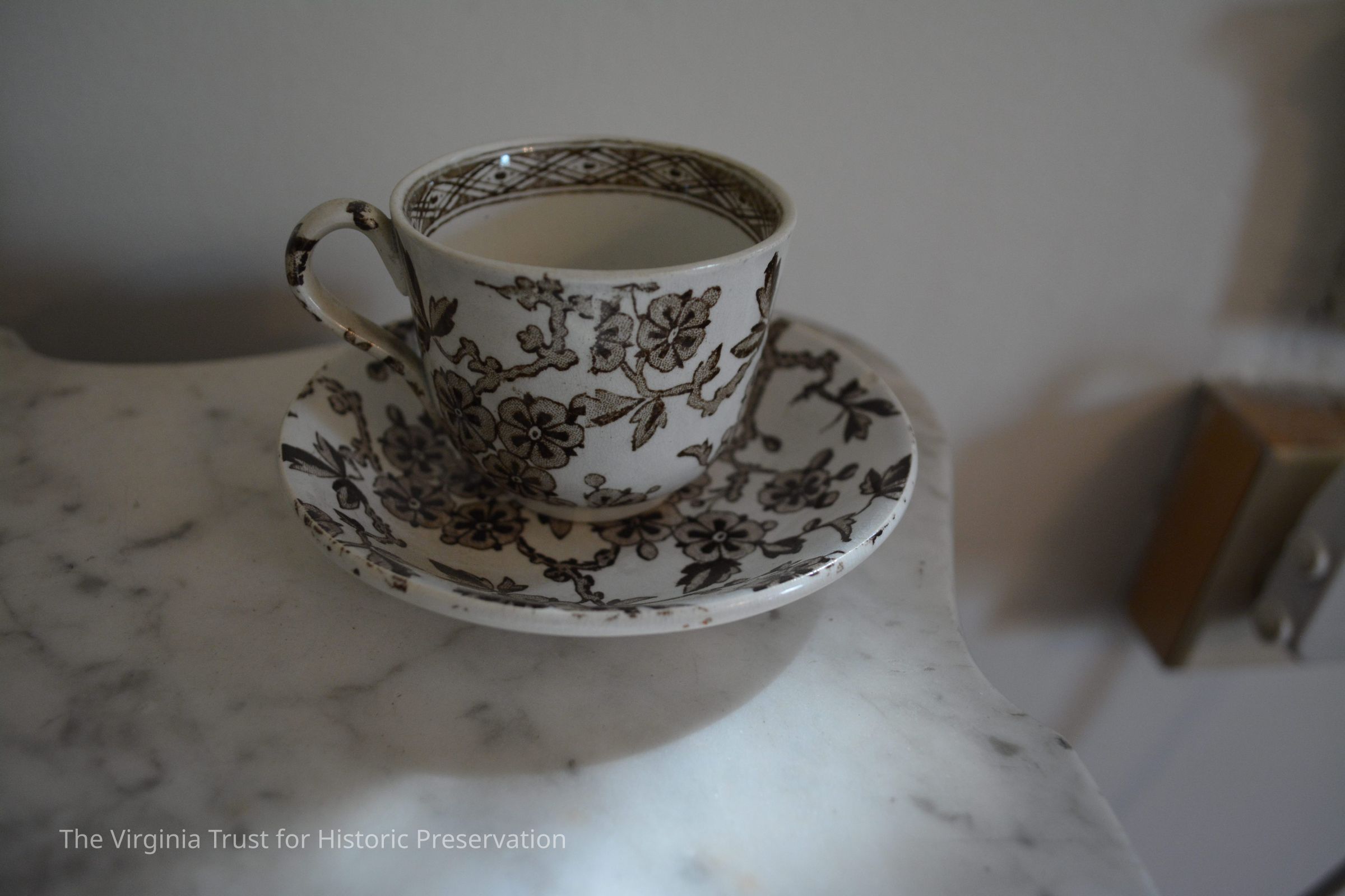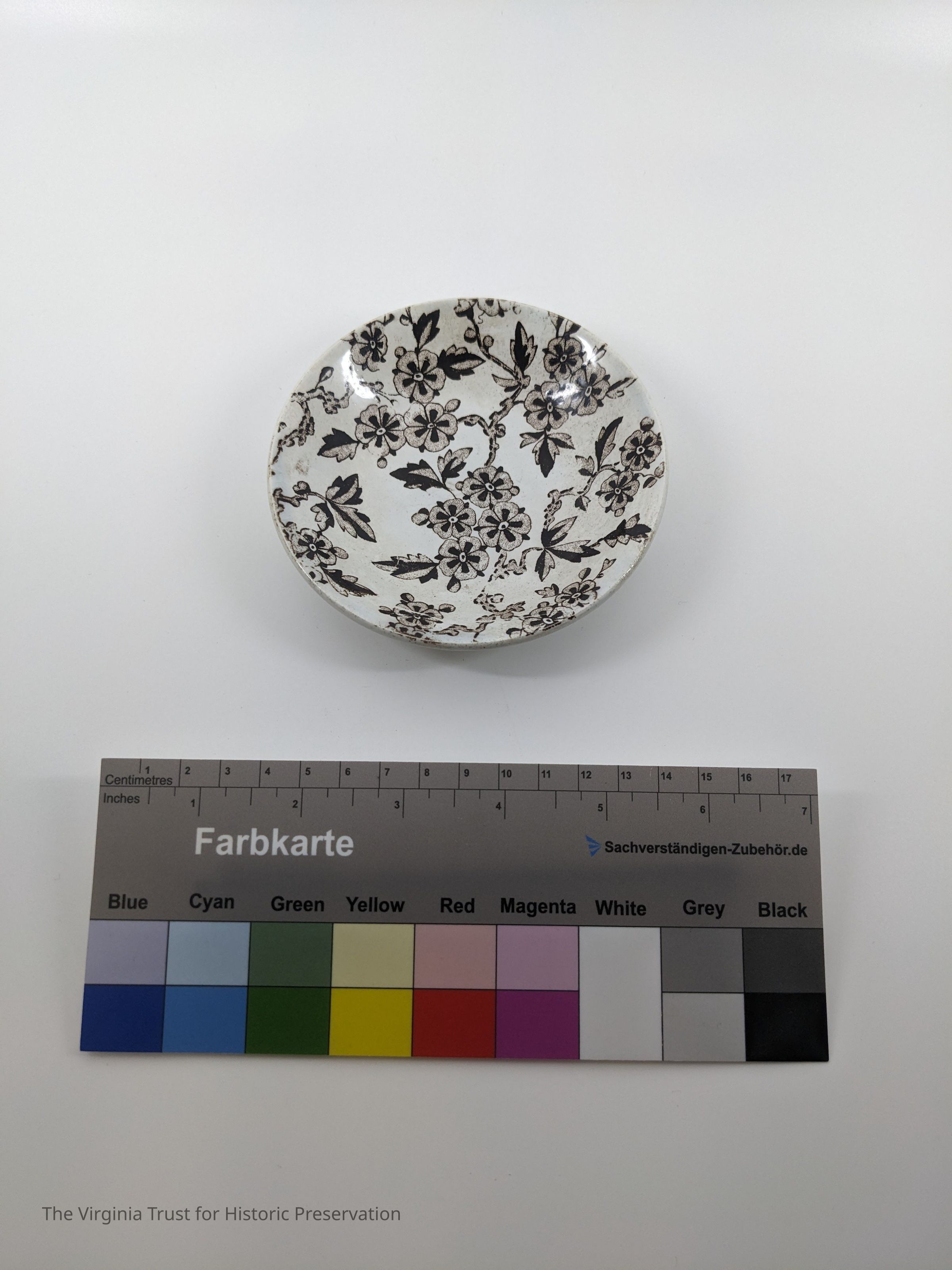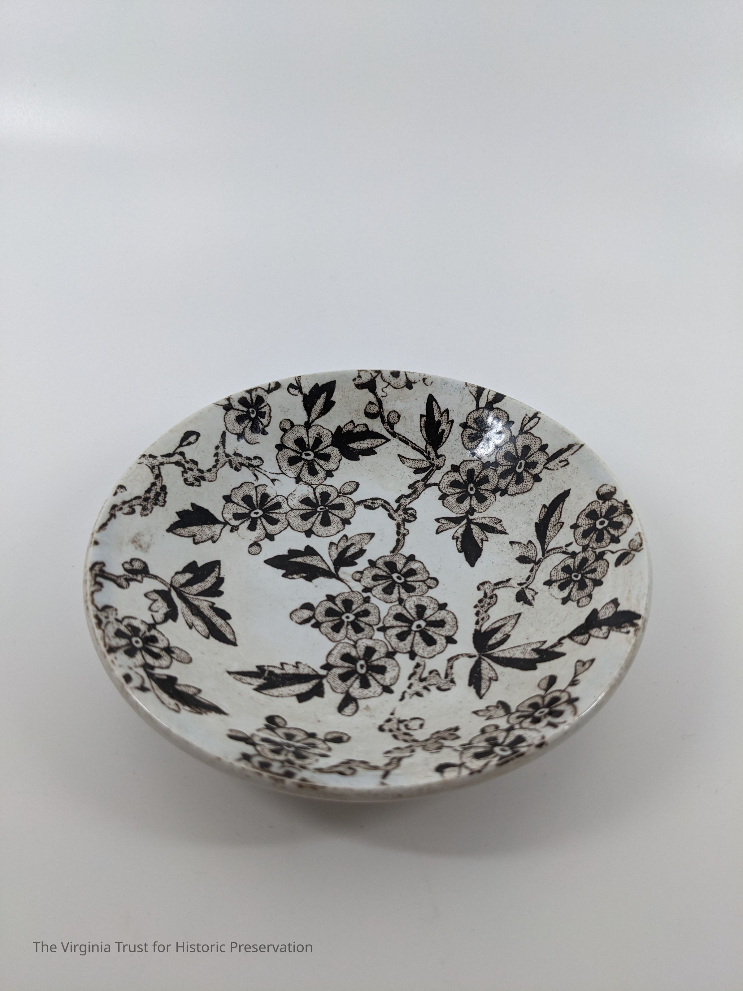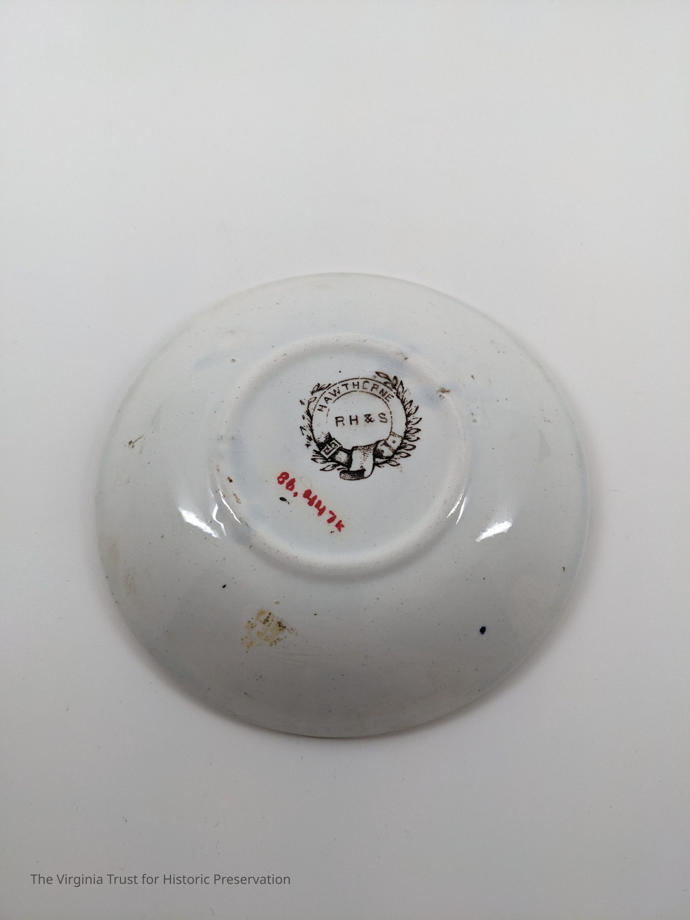 Small saucer. White with brown floral design. Marked "Hawthorne RH & S."
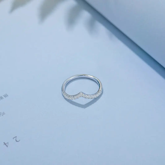 V Shape Inlaid Zircon 925 Sterling Silver Ring
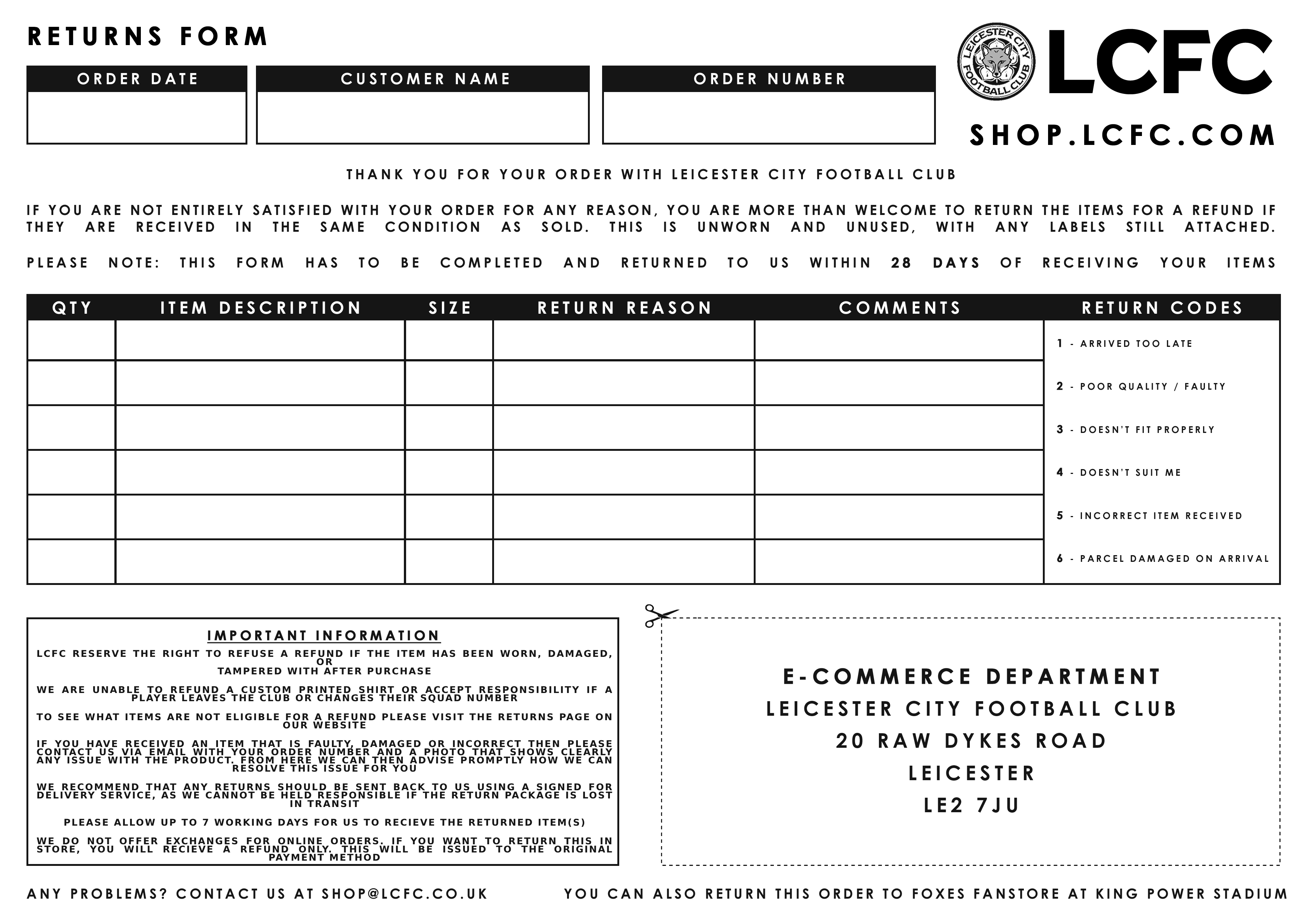 Alternatively, items can be returned to the Foxes Fanstore. Along with the returned items, please bring with you a copy of your order receipt, ensuring this is within the specified 28 days.
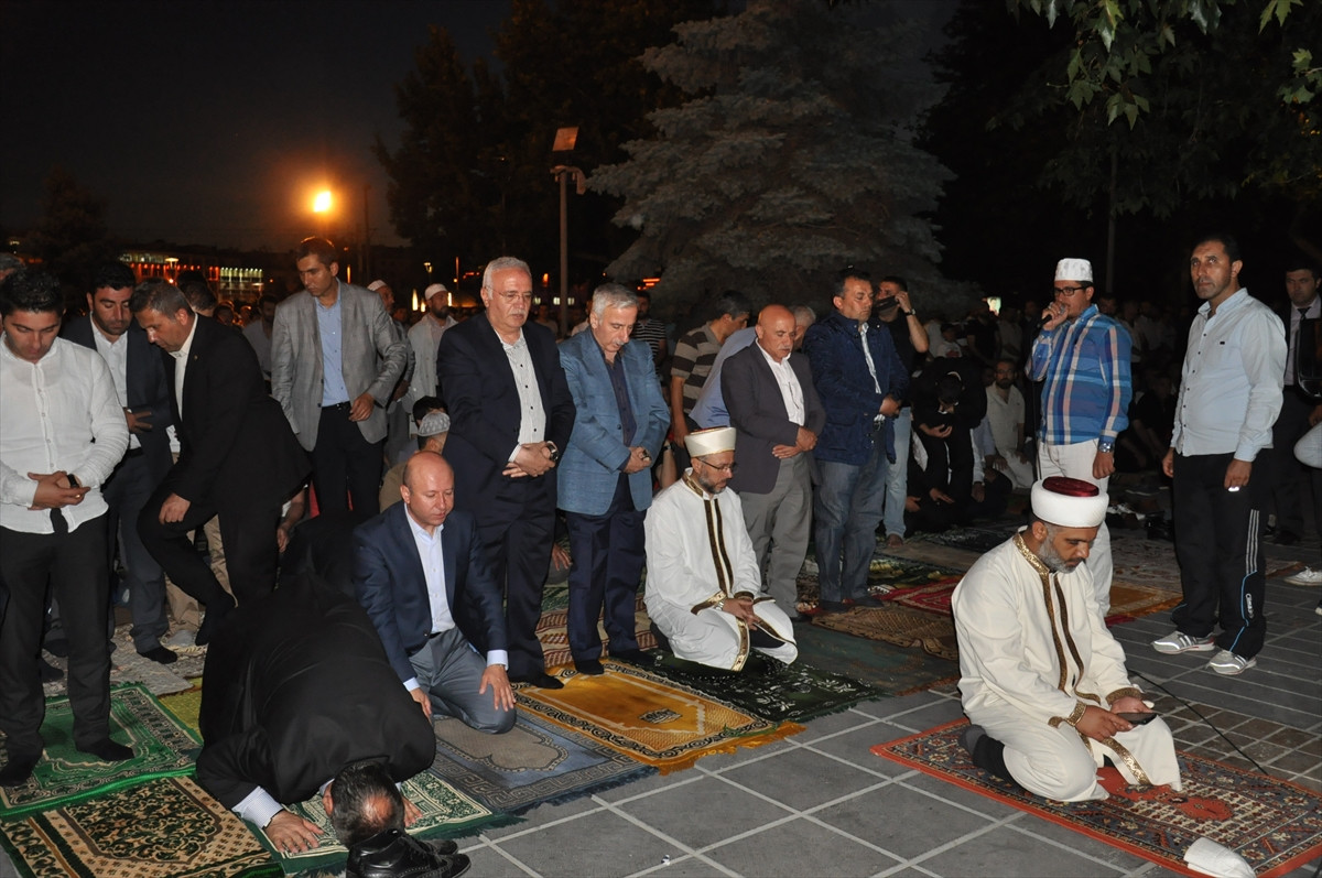 Daha sonra Vali Kamçı ve AK Parti Grup Başkanvekili Mustafa Elitaş, Cumhuriyet Meydanı'ndaki Bürüngüz Camisi'nde binlerce vatandaşla sabah namazında saf tuttu.
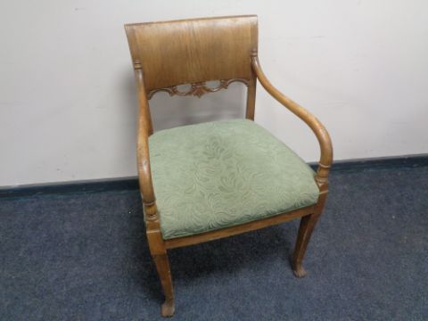 A 20th century scroll armchair upholstered in a green brocade fabric.

▬▬▬▬▬▬

- _What you need to do_:
Starting at the first line of the records and stopping after the line with "V Shape Inlaid", copy each line exactly; pictures stay out.

- _Answer to the problem_:
 Small saucer. White with brown floral design. Marked "Hawthorne RH & S."
 V Shape Inlaid Zircon 925 Sterling Silver Ring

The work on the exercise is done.